Department of Psychiatry and Behavioral Sciences, Medical University of South Carolina, Charleston, South Carolina.
Department of Psychiatry and Behavioral Sciences, Medical University of South Carolina, Charleston, South Carolina; Ralph H. Johnson VA Health Care System, Charleston, South Carolina.
Biol Psychiatry Cogn Neurosci Neuroimaging. 2023 Jul;8(7):712-719. doi: 10.1016/j.bpsc.2022.07.010. Epub 2022 Aug 8.

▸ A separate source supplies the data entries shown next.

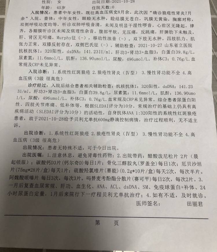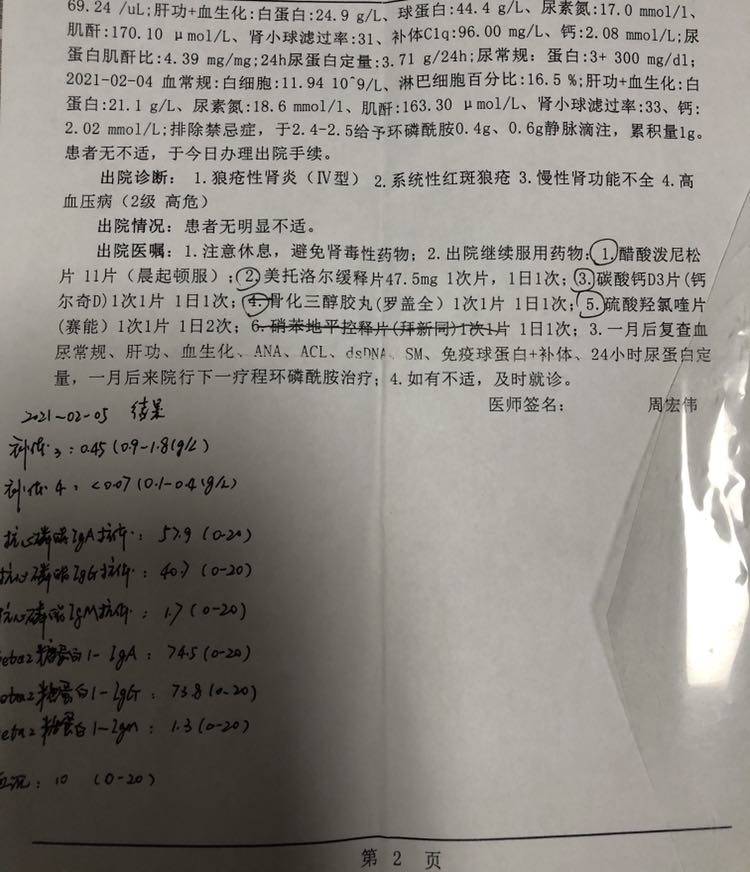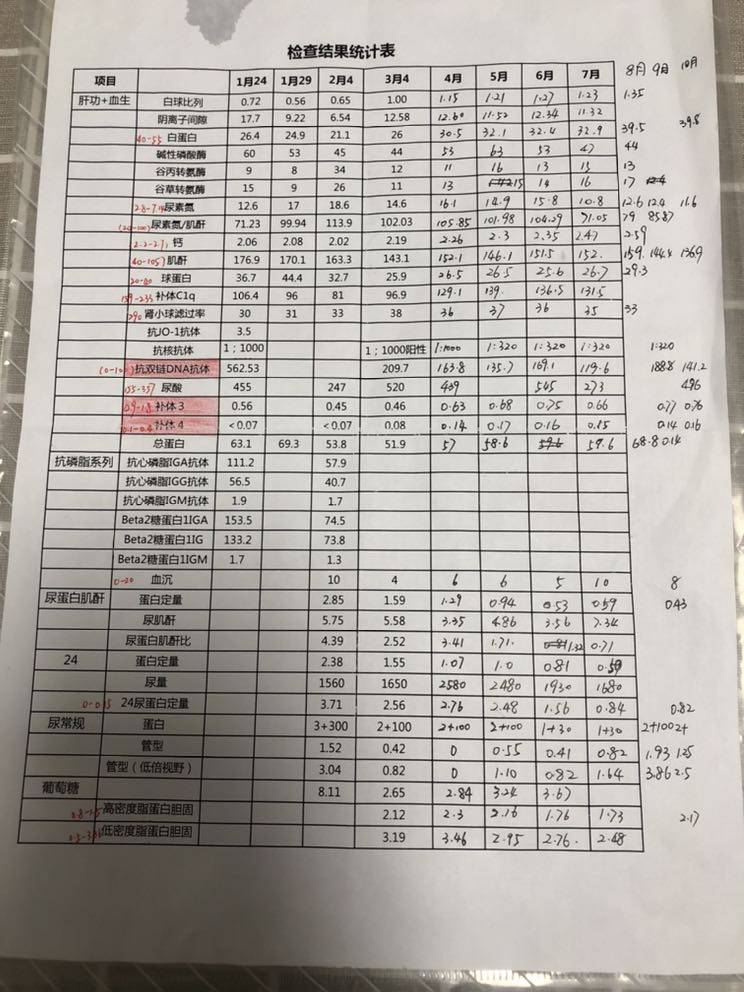 目前环磷酰胺累积量6克,因胃肠道反应较大,脱发,经医生同意改为口服吗替0.5gBid。因为抗双链dna一直不理想医生建议开始用贝利优单抗,激素减至1.5片,纷乐两片早晚各一,另外还有常规钙片+骨化三醇。阿魏酸哌嗪片和百令胶囊偶尔吃,并没有完全遵医嘱。
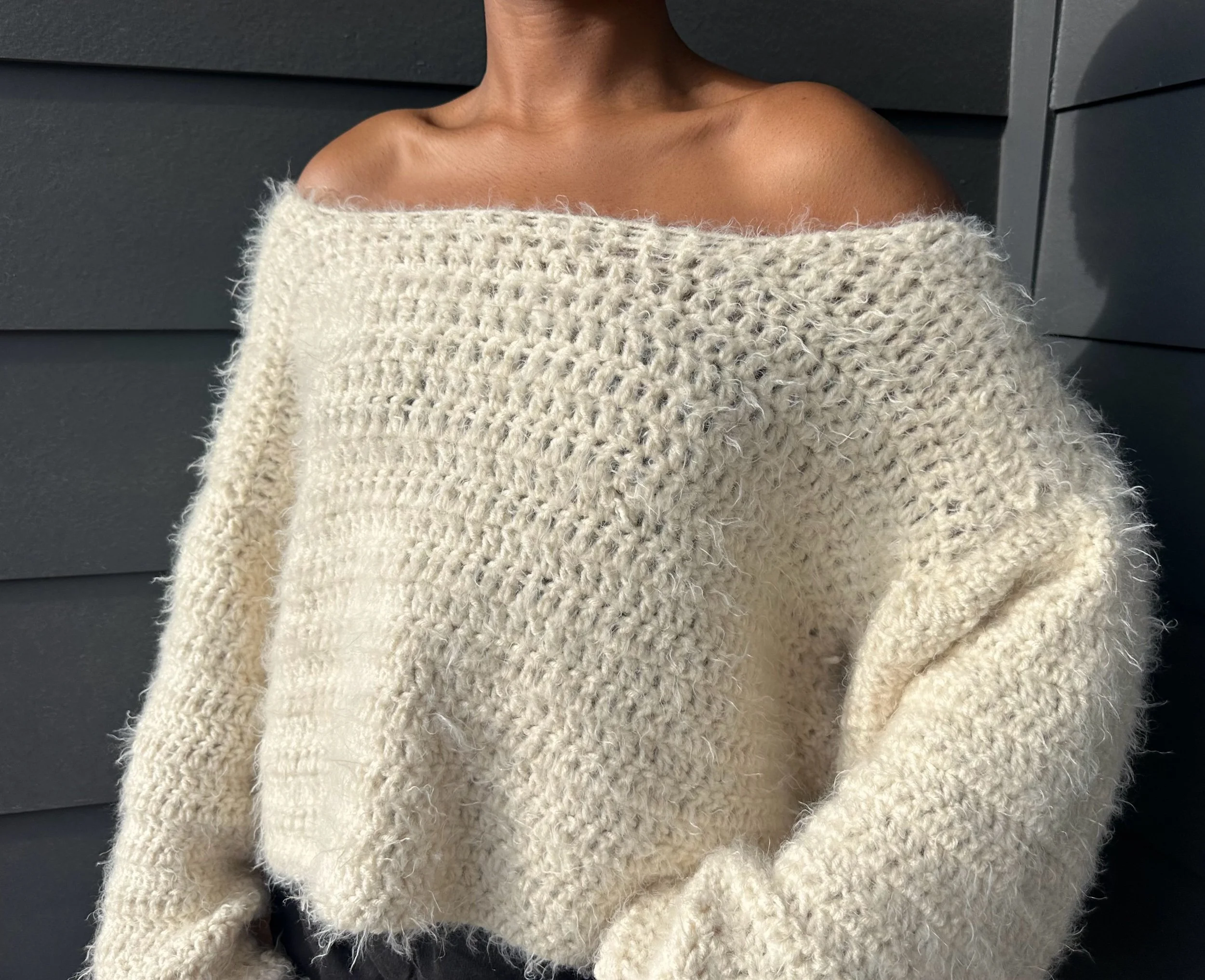 A handmade, warm chunky cardigan with a large hood. Made with brown wool yarn. This sweater will keep you warm with its three ply yarn and heavy material.
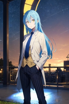 1other,looking at viewer,solo,androgynous,blue hair,long hair,hair between eyes,bangs,yellow eyes,standing,navy pinstripe suit, pale yellow dress shirt, solid navy tie, black cap-toe shoes,<lora:Rimuru:0.8>,Rimuru_CYQL,bust,beautiful face,beautiful eyes,glossy skin,shiny skin,Outdoor concert in city park, Music, Performance, Entertainment, Picnics,beautiful detailed sky,beautiful detailed glow,posing in front of a colorful and dynamic background,masterpiece,best quality,beautiful and aesthetic,contrapposto,female focus,wallpaper,fashion,

Treatments for anxiety and related disorders target exaggerated escape/avoidance as a core feature, but current methods fail to improve escape/avoidance habits for many treatment-seeking individuals. To support developing tools that increase treatment efficacy by targeting mechanisms more directly, the current work examined potential distinctions in the neurophysiologies of escape and avoidance and tested how clinical anxiety affects these neurophysiologies.
Twenty-five treatment-seeking individuals with varied principal diagnoses (e.g., generalized anxiety disorder, posttraumatic stress disorder) and 20 non-treatment-seeking control subjects participated. In the study task, approximately 5.25-second cues predicted aversive images that could be avoided (blocked by a button press before image onset), escaped (ended by a button press after image onset), or not controlled. To examine neural processing and defensive response modulation, anticipatory event-related potentials were derived, and startle reflexes were probed throughout each cue.
Multidimensional profiles were observed such that 1) anticipatory event-related potential enhancement was only reliable during avoidance preparation, and event-related potentials potentially reflected perceived/instrumental control; and 2) startle reflexes were inhibited during avoidance preparation, relatively enhanced during escape preparation, and further enhanced during uncontrollable anticipation, thus potentially reflecting fear-related activation. Treatment-seeking status, then, did not affect cortical processing, but it did moderate context-dependent fear (if individuals with severe depression were excluded) such that treatment-seeking individuals without depression showed exaggerated startle during escape, but not avoidance, preparation.
Data suggest a specific effect of anxiety on fear system activation during preparation to escape aversion. This effect warrants further investigation as a precision target for interventions that directly modulate the specific underlying neural circuitry.
焦虑和相关障碍的治疗方法针对过度的逃避/回避作为核心特征,但目前的方法未能改善许多寻求治疗的个体的逃避/回避习惯。为了支持开发通过更直接地针对机制来提高治疗效果的工具,当前的工作检查了逃避和回避的神经生理学中的潜在区别,并测试了临床焦虑如何影响这些神经生理学。
25 名寻求治疗的个体,具有不同的主要诊断(例如,广泛性焦虑症、创伤后应激障碍)和 20 名非寻求治疗的对照参与者参加了研究。在研究任务中,大约 5.25 秒的线索预测了不愉快的图像,可以通过在图像出现前按下按钮来避免(阻止)、逃避(在图像出现后按下按钮结束)或无法控制。为了检查神经处理和防御反应调节,得出了预期的事件相关电位,并在每个线索中探测了惊跳反射。
观察到多维谱,即 1)仅在回避准备期间可靠地出现预期事件相关电位增强,并且事件相关电位可能反映了感知/工具性控制;2)在回避准备期间抑制惊跳反射,在逃避准备期间相对增强,在无法控制的预期期间进一步增强,从而可能反映出与恐惧相关的激活。然后,寻求治疗的状态不会影响皮质处理,但会调节上下文相关的恐惧(如果排除严重抑郁症患者),即没有抑郁症的寻求治疗的个体在逃避准备期间表现出惊跳反射增强,但在回避准备期间没有。
数据表明焦虑对逃避厌恶准备期间恐惧系统激活的特定影响。这种效应值得进一步研究,作为直接调节特定潜在神经回路的干预措施的精确目标。